*What you will do*: Exact repetition of a range: find the line containing "双拼别墅:建面358-536㎡,五开间朝南布局,配置星空露台与阳光地下室" and the line containing "La generación más" in the material below, then repeat both and all lines between them, leaving pictures out.

*Exercise materials*:

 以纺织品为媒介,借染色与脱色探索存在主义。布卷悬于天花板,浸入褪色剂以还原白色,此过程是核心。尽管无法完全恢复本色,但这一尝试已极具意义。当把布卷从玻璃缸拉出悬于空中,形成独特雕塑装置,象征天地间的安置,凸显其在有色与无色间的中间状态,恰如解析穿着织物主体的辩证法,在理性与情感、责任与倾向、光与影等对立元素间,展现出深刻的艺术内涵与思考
==
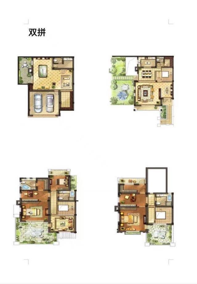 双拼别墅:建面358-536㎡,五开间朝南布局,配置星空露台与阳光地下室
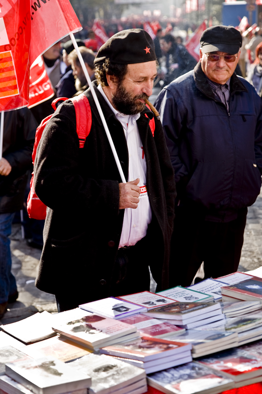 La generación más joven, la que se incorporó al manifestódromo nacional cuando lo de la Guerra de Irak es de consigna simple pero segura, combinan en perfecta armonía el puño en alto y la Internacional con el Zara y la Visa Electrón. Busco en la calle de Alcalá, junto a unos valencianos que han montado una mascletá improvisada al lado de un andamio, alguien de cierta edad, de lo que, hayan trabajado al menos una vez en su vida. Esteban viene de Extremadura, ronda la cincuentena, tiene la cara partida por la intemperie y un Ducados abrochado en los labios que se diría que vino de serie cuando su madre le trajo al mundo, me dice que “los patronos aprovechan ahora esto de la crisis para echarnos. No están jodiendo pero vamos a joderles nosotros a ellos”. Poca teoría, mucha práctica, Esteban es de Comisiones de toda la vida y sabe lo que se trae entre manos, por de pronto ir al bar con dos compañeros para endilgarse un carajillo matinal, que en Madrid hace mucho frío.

*Response*:
 双拼别墅:建面358-536㎡,五开间朝南布局,配置星空露台与阳光地下室
 La generación más joven, la que se incorporó al manifestódromo nacional cuando lo de la Guerra de Irak es de consigna simple pero segura, combinan en perfecta armonía el puño en alto y la Internacional con el Zara y la Visa Electrón. Busco en la calle de Alcalá, junto a unos valencianos que han montado una mascletá improvisada al lado de un andamio, alguien de cierta edad, de lo que, hayan trabajado al menos una vez en su vida. Esteban viene de Extremadura, ronda la cincuentena, tiene la cara partida por la intemperie y un Ducados abrochado en los labios que se diría que vino de serie cuando su madre le trajo al mundo, me dice que “los patronos aprovechan ahora esto de la crisis para echarnos. No están jodiendo pero vamos a joderles nosotros a ellos”. Poca teoría, mucha práctica, Esteban es de Comisiones de toda la vida y sabe lo que se trae entre manos, por de pronto ir al bar con dos compañeros para endilgarse un carajillo matinal, que en Madrid hace mucho frío.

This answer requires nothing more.